▶ _Required action_
With the pictures left out, copy the records below exactly from the first line down to the line holding "- Exclusive Design: The", and include that line.

▶ _Given data_
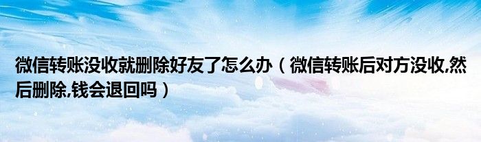 大家好,熊熊为你解答以上问题。微信转账没收就删除好友了怎么办,微信转账后对方没收,然后删除,钱会退回吗这个很多人还不知道,现在让我们一起来看看吧!
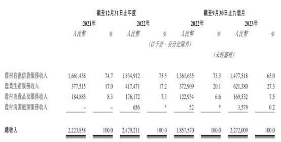 目前,公司的客户多数为小农户及农村小微企业主,自推出农村信贷服务以来,已经累计为农村信贷服务发放贷款总额达到1387亿元,且截至2023年首九个月止在贷余额约176.34亿元。
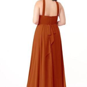Dixie is a clean and chic choice for your bridal party. Featuring an overlapped halter V-neckline, this modern bridesmaid dress has straps that are decorated with pleats. Her chiffon, floor-length skirt is cut in an A-line silhouette with tucked pleats on the front skirt, and boxed pleats on the back. She is completed with a lovely waist sash.
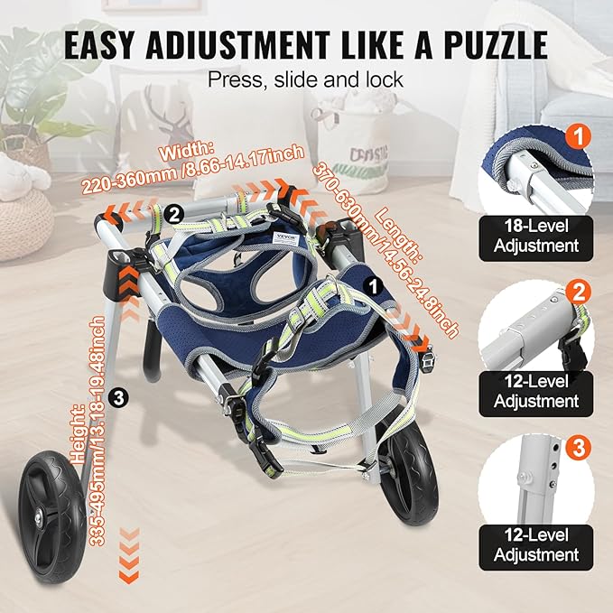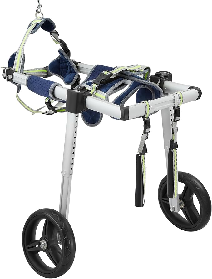- Exclusive Design: The dog wheelchair has an aluminum frame, adjustable straps, EVA wheels, foam leg straps and a 2m/6.56ft dog leash. It's designed to help pets with disabled hind legs move comfortably outdoors.
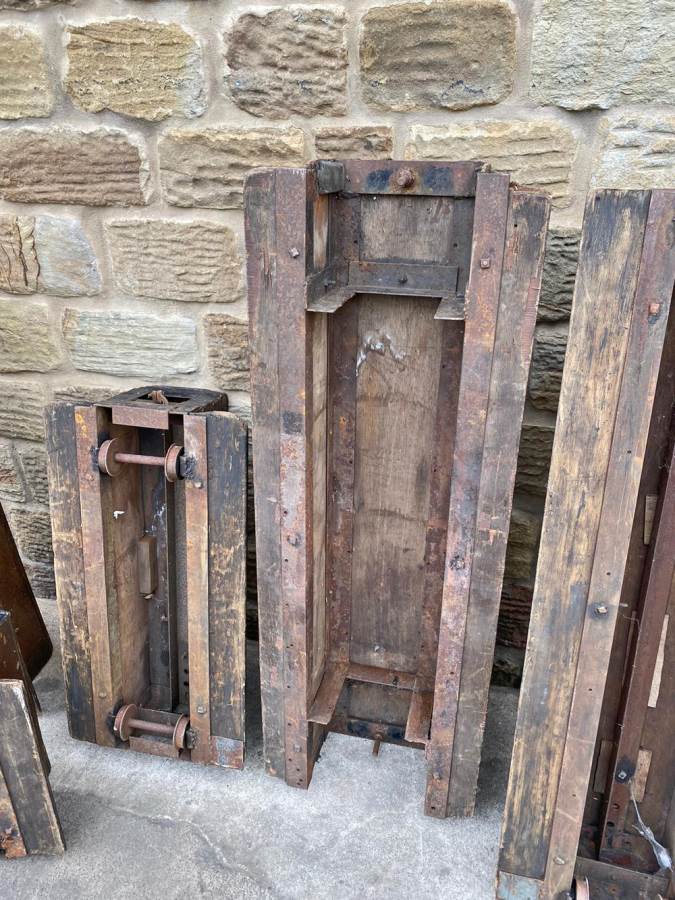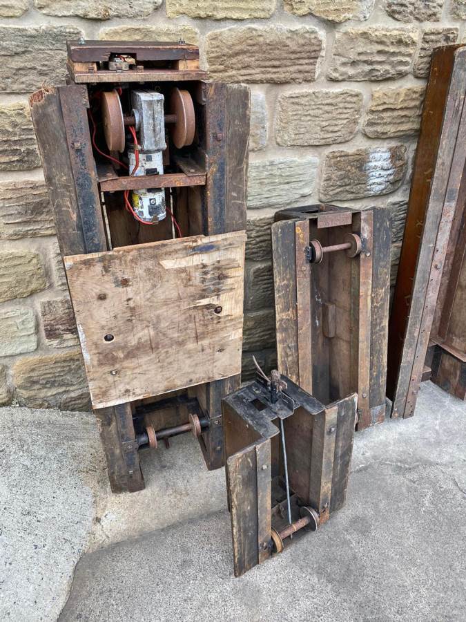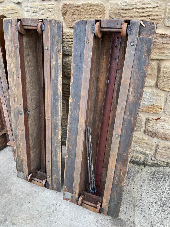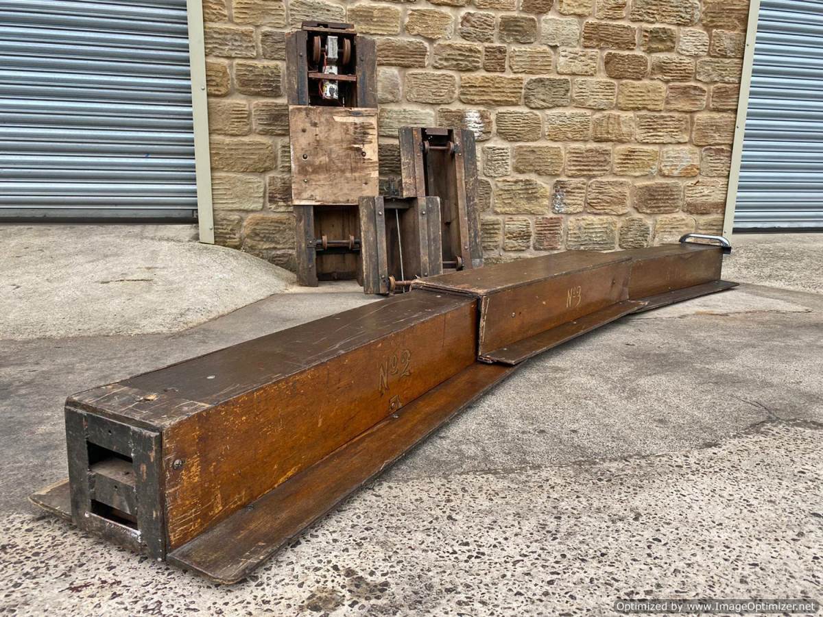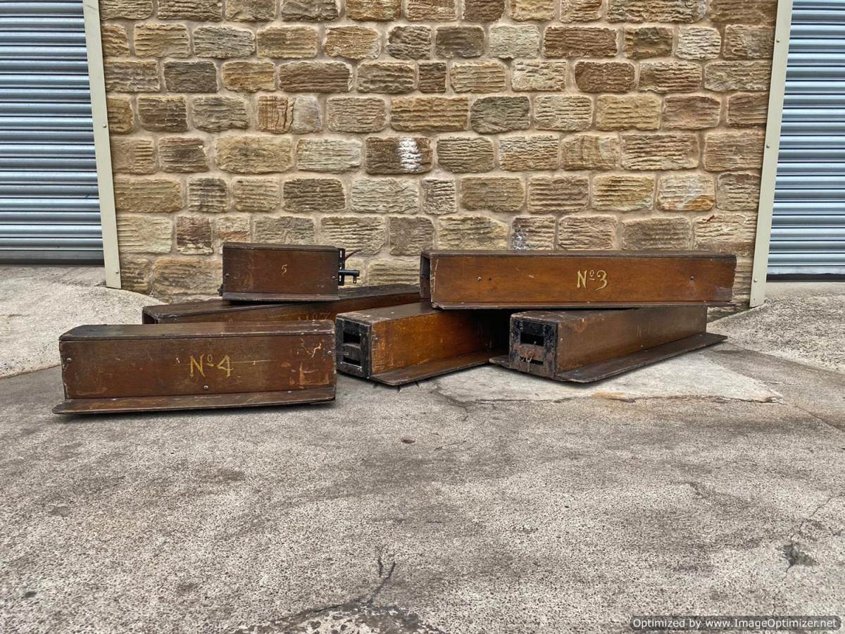 Here we have a mixed and interesting rake of ground level 5" gauge driving trucks and carriages. It's clearly an incomplete set of wagons that have originally made up a complete train. A mixture of independent ready to roll trucks and articulated, suspended centre sections, a motorised unit and a single axle trailer unit that appears to be designed to latch onto either the rear of a loco or indeed one of the carriages. They are all showing their age, but the woodwork is still both viable and attractive. The whole thing, whilst clearly requiring work to bring back to former glory, has a lovely old fashioned feel to it. It's a pretty little rake that deserves to find the TLC it needs.

▶ _Exercise solution_
 大家好,熊熊为你解答以上问题。微信转账没收就删除好友了怎么办,微信转账后对方没收,然后删除,钱会退回吗这个很多人还不知道,现在让我们一起来看看吧!
 目前,公司的客户多数为小农户及农村小微企业主,自推出农村信贷服务以来,已经累计为农村信贷服务发放贷款总额达到1387亿元,且截至2023年首九个月止在贷余额约176.34亿元。
Dixie is a clean and chic choice for your bridal party. Featuring an overlapped halter V-neckline, this modern bridesmaid dress has straps that are decorated with pleats. Her chiffon, floor-length skirt is cut in an A-line silhouette with tucked pleats on the front skirt, and boxed pleats on the back. She is completed with a lovely waist sash.
- Exclusive Design: The dog wheelchair has an aluminum frame, adjustable straps, EVA wheels, foam leg straps and a 2m/6.56ft dog leash. It's designed to help pets with disabled hind legs move comfortably outdoors.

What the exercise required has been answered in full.